Georgian businessman and former state official David Saralidze has voiced concern over the recent detention measures taken against Mamuka Khazaradze and Badri Japaridze, co-founders of TBC Group. In an interview with BMG, Saralidze emphasized that such actions could damage both Georgia’s economic credibility and its investment climate.
“I don’t think these prison measures are good for business,” Saralidze said, pointing out that the arrests threaten not only individual reputations but the foundations of economic progress built over the past three decades.
Saralidze, who played a key role in the formation of Georgia’s Tax Service and Ministry of Finance, highlighted the critical role that Khazaradze, Japaridze, and the TBC Group played in shaping Georgia’s modern economy during the challenging 1990s.
“The tax inspectorate had no real history before the market economy. In 1993, the national budget was only $40 million. Within three years, it rose to 1 billion GEL, with a GDP of 7 billion GEL. That growth wasn’t just a result of laws, it came from unity and support,” he recalled.
Saralidze emphasized that entrepreneurs like Khazaradze and Japaridze emerged during this transformative period, helping to establish the foundations of private enterprise in Georgia. “I have no personal ties with Mamuka, I’ve never borrowed from TBC Bank, but I know the value of the projects the TBC Group has created,” he said.

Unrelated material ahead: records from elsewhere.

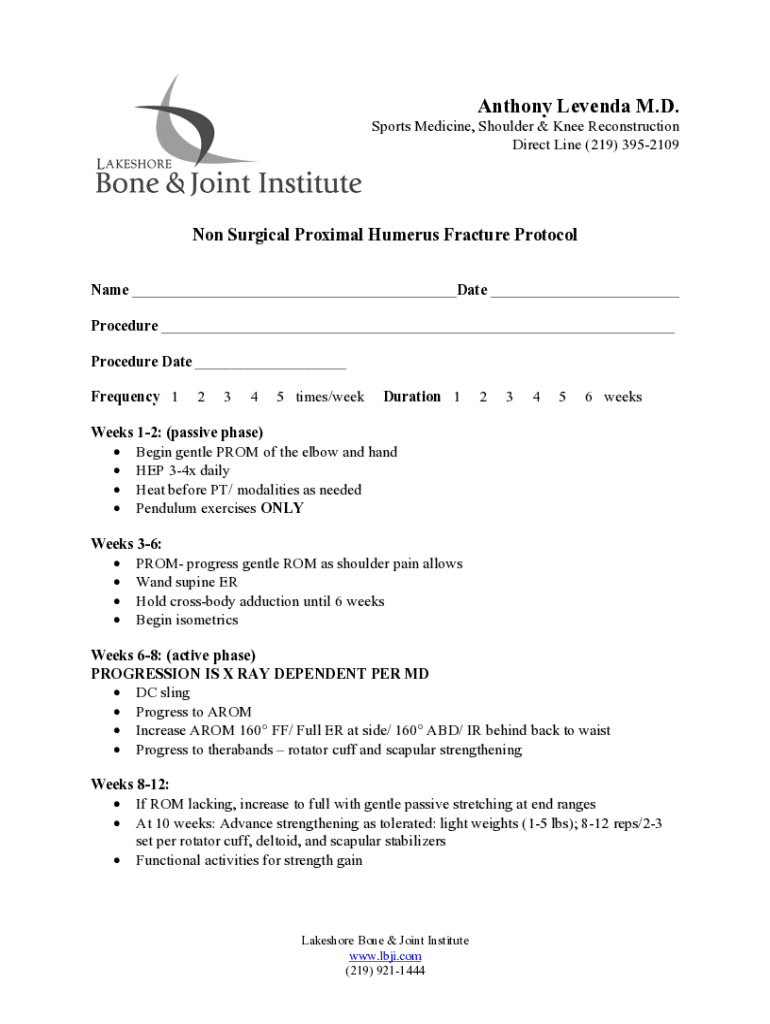 Direct Line (219) 3952109Non Surgical Proximal Humerus Fracture Protocol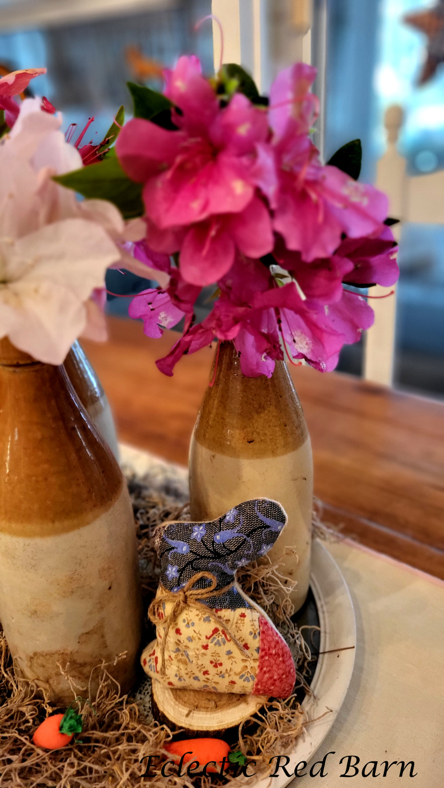 I tried to keep the display small since I usually have a bigger board on this table and hubby is always trying to move it. I put the larger Easter vignette on the dining room table. I was going to have it all Easter items and with the azaleas so pretty, I decided on them and just a few Easter things.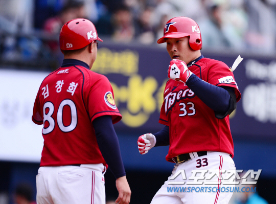 2014 프로야구 LG와 KIA의 주말 3연전 마지막 경기가 27일 잠실야구장에서 펼쳐 졌다. KIA 김주형이 0대0으로 팽팽하게 맞서던 8회 선두타자로 나와 좌중월 솔로 홈런을 터트리고 김창희 코치와 하이파이브를 하고 있다. 잠실=조병관기기자 rainmaker@sportschosun.com/2014.04.27/ |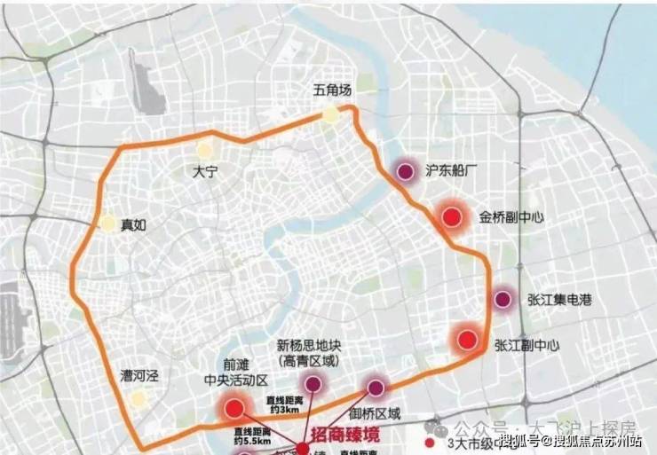 而以前滩、世博为中心,画三个直线约5-7km的生活圈,招商臻境是唯一一个约600万起的新房,而其他的选择,总价起码千万起。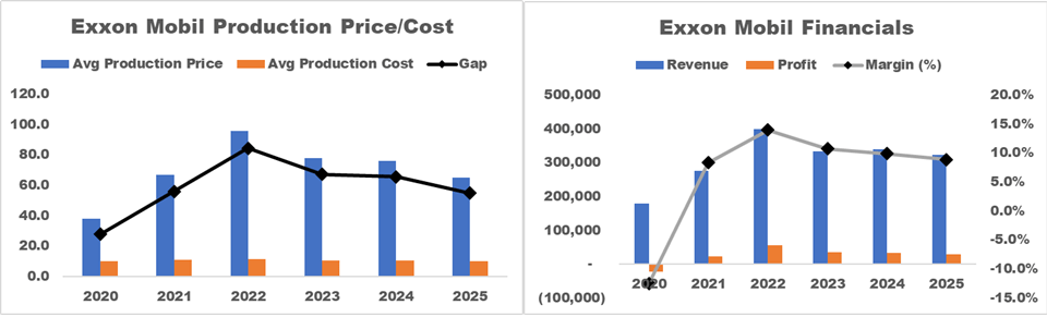 I examined two trends here: 1) the ‘gap’ between production cost and prices, and 2) the revenue level and net profit margin of Exxon Mobil to tease out a meaningful trend to forecast 2026. Their trends should look alike.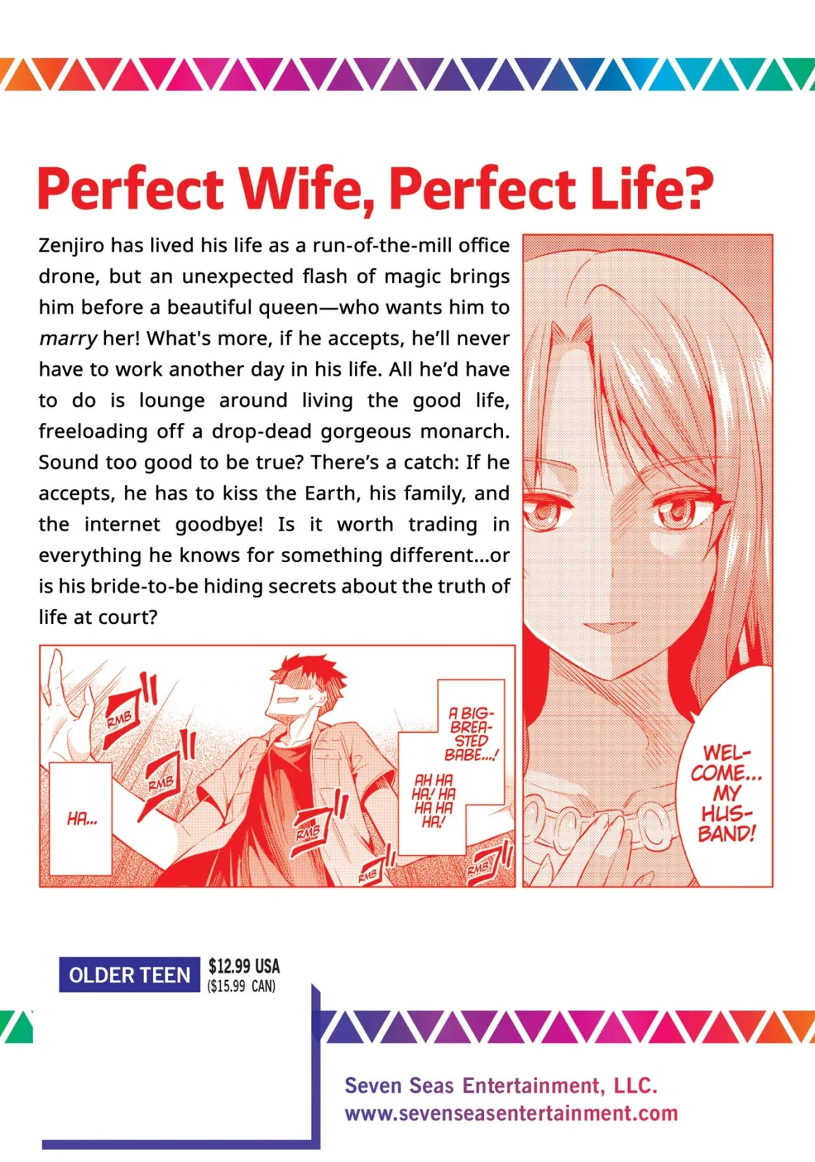 Zenjiro has lived his life as a run-of-the-mill office drone, but an unexpected flash of magic brings him before a beautiful queen–who wants him to marry her! What’s more, if he accepts, he’ll never have to work another day in his life. All he’d have to do is lounge around living the good life, freeloading off a drop-dead gorgeous monarch. Sound too good to be true? There’s a catch: If he accepts, he has to kiss the Earth, his family, and the internet goodbye! Is it worth trading in everything he knows for something different…or is his bride-to-be hiding secrets about the truth of life at court?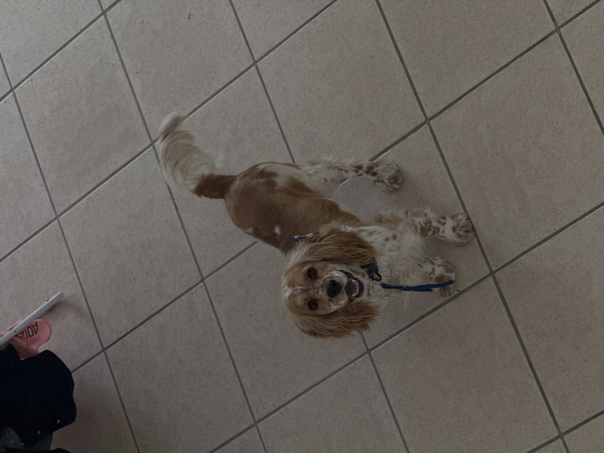 A tan and white Cocker Spaniel is standing on a tile floor, looking up at the camera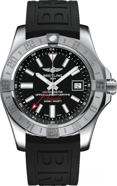 Мужские часы Avenger II GMT изготовлены в корпусе из нержавеющей стали размером 43 х 12.2 мм и водонепроницаемостью 300 метров. На черном циферблате отображаются часы, минуты, секунды и дата. Стрелка второго часового пояса отображается красным цветом и расположена по ценрту циферблата, апертура даты расположена на 3-х часах. Внутри корпуса установлен автоматический механизм Breitling 32 с запасом хода 42 часа. Безель часов вращающийся. Часы комплектуются каучуковым ремешком с вставкой из нержавеющей стали.

One of those projects is Lisi Development, which transformed a largely undeveloped area on the outskirts of Tbilisi into one of the capital’s most desirable districts. “People from my generation remember it as just a forest,” Saralidze said. “Now it’s a model of modern urban planning. That didn’t happen easily.”
Saralidze warned that the arrests could undermine Georgia’s access to vital foreign investment networks, networks that groups like TBC have cultivated for years.
“Every person who can go and talk to investors abroad is essential to Georgia’s future,” he explained. “TBC Group has built strong partnerships and facilitated portfolio investments, where a Georgian entrepreneur convinces a foreign investor to put money into the country, even without being physically present.”
According to Saralidze, these types of investments are not just financial, they represent confidence in Georgia's long-term potential. Cutting off such relationships, he warned, could significantly slow the country’s economic momentum.
While Saralidze acknowledged that a new generation of entrepreneurs will eventually emerge, he warned that time will be lost in the process. “Such businessmen must be warned, not replaced. If we remove them from the business landscape today, we will lose years of experience and trust.”
In closing, he reiterated that politically motivated legal actions against key economic figures threaten to destabilize not just reputations, but the structural progress made in Georgia’s private sector.
“We have people in Georgia who helped move this country forward. Let’s not be so quick to push them out. This will not end well, for business or for the country.”